Acquisition of Turquoise and merger with Baikal
London Stock Exchange Group plc (LSEG) and Turquoise Trading Limited (Turquoise) announced their agreement to create a new pan-European trading venture through a merger of the businesses of Turquoise and Baikal Global Limited (Baikal).
The new venture, an FSA regulated Multilateral Trading Facility (MTF), will expand LSEG services across Europe in both lit and dark trading, and liquidity aggregation, with the express objective of driving European trading volume growth and promoting venue choice. It will benefit from synergies with LSEG infrastructure and the planned migration to MillenniumIT trading technology.
Continuing to trade under the Turquoise name, the merged entity will be 60 per cent owned by LSEG and 40 per cent owned by the existing Turquoise shareholders, who are global investment banking clients of LSEG. LSEG intends to broaden equity participation in the new venture by selling up to a further nine per cent of the issued share capital to other interested parties. LSEG will retain a majority shareholding in the new venture.
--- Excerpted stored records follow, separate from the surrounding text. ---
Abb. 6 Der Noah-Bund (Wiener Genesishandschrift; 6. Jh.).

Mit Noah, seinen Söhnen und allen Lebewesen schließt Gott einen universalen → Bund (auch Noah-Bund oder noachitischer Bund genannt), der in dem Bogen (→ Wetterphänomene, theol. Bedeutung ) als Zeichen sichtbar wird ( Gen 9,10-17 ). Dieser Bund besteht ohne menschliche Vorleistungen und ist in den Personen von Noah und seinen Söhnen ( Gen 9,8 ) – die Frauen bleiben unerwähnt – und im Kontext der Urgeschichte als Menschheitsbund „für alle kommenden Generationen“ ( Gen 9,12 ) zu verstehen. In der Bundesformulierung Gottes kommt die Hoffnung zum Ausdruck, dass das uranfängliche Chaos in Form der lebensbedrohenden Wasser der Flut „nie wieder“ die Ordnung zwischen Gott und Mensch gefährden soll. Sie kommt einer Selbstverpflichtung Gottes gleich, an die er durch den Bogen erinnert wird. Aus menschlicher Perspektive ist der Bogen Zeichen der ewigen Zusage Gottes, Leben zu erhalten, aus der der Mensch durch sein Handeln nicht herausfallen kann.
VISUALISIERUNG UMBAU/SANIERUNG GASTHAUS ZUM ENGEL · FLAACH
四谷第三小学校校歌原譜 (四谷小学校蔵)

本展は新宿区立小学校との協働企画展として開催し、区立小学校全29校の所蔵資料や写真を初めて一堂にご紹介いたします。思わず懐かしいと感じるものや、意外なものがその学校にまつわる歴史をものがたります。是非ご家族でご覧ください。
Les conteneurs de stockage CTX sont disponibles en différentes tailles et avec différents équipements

As a neutral venue, Turquoise will be open to all market participants active in Europe and will be designed to inspire the confidence of the region’s regulators. Exchange operated, the new venture will build upon Turquoise’s existing pan-European lit order book and successful dark pool, as well as drawing upon Baikal’s innovative product pipeline.
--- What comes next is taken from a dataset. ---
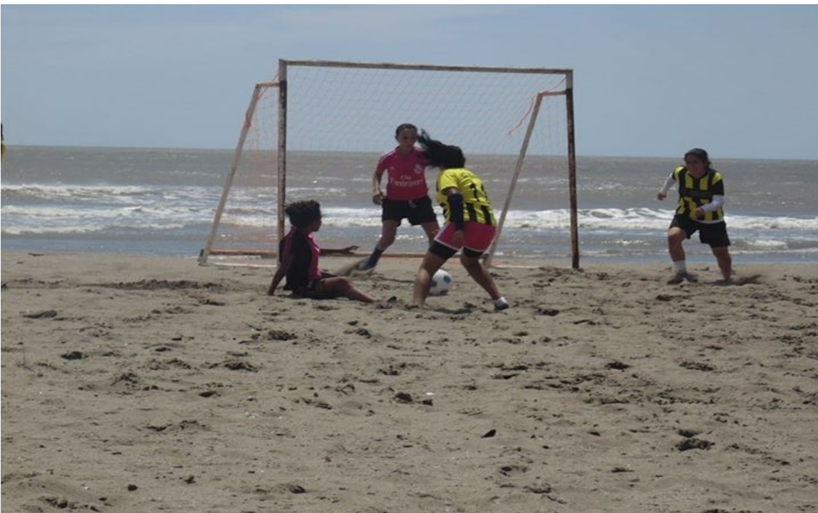
Juegos femeninos en las playas de Masachapa

Commenting on the agreement, Xavier Rolet, CEO of LSEG and Chairman-designate of the new venture, said:
"We are very pleased to be joining forces with a number of our major clients in a partnership which we believe will offer an attractive range of innovative and competitively priced products and services across Europe.
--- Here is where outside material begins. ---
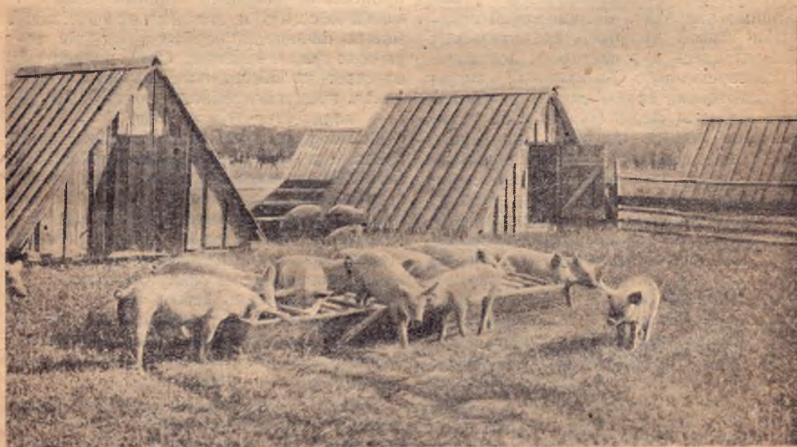
Племхоз Никоновского треста Свиновод. Хряки 5-месячного возраста в Канадском городке

"The European marketplace for trading securities has scope to become more efficient and to grow significantly in the coming years. Turquoise’s existing pan-European footprint is a strong proposition and together with the introduction of new trading technology and a neutral structure, we believe it is now well positioned to be an agent of change and to capture a healthy slice of the market's growth potential."
Eli Lederman, CEO of Turquoise, added:
"Our partnership with London Stock Exchange Group is an important transaction for the next stage of Turquoise's development. In our first 18 months of operation we have achieved a pan-European footprint in both lit and dark trading. With the support of London Stock Exchange Group we will be able to simplify our operational structure, attract a wider network and expand the platform's product base."
Phil Hylander, Head of Principal Strategic Investments at Goldman Sachs, said:
“The renewal of a partnership with the London Stock Exchange is a major step forward in the evolution of pan-European market structure. It is of fundamental importance that ventures such as Turquoise, which are critical for competition, are allowed to survive and flourish.
"The injection of technology, brand, and experience that Turquoise will get from the London Stock Exchange, increases the likelihood of real, lasting competition in a marketplace characterised by established local players. In addition, it provides a platform for innovation outside of the traditional cash equity markets.”
Stephen McGoldrick, Director, Market Infrastructure at Deutsche Bank, said:
"This is an important step in the evolution of the European equities market and the ongoing drive towards lowering the cost of trading, which has been Turquoise’s goal since inception. We are pleased to be involved."
Simon Hogan, Morgan Stanley's Chief Operating Officer for Sales and Trading in Europe, said:
“Combining the operational expertise and MillenniumIT platform of the LSEG with the market structure insights of a number of the largest European trading participants creates a dynamic and powerful partnership with every chance of success in the European equity market and other asset classes."
LSEG will fully fund the cash needs of the new venture within an agreed framework for the first 24 months from completion and intends to bring the business to sustainable profitability For the year ended 31 December 2008, Turquoise’s losses before tax were £15.7 million and its gross assets at 31 December 2008 were £11.0 million. LSEG will incur exceptional costs of up to £20 million in the current financial year, comprising the write off of legacy technology costs, and provisions for restructuring and integration costs, including contract exit costs. Significant cost savings are expected to be achieved by merging Baikal and Turquoise. The transaction is expected to be dilutive in terms of adjusted earnings per share in FY 2011 while the Turquoise and Baikal businesses are combined and developed, and positive from FY 2012.
The transaction will be effected through the acquisition by a newly-incorporated subsidiary of LSEG of the existing Turquoise shareholders’ interest in Turquoise. In consideration for the transaction, the existing Turquoise shareholders will receive 40 per cent of the issued share capital in the new company which will also become the holding company of Baikal. The transaction is expected to complete mid-February 2010, subject to satisfaction of all conditions to the agreement (including the receipt of all necessary regulatory clearances).
Turquoise will continue to be regulated by the FSA as an MTF under MiFID.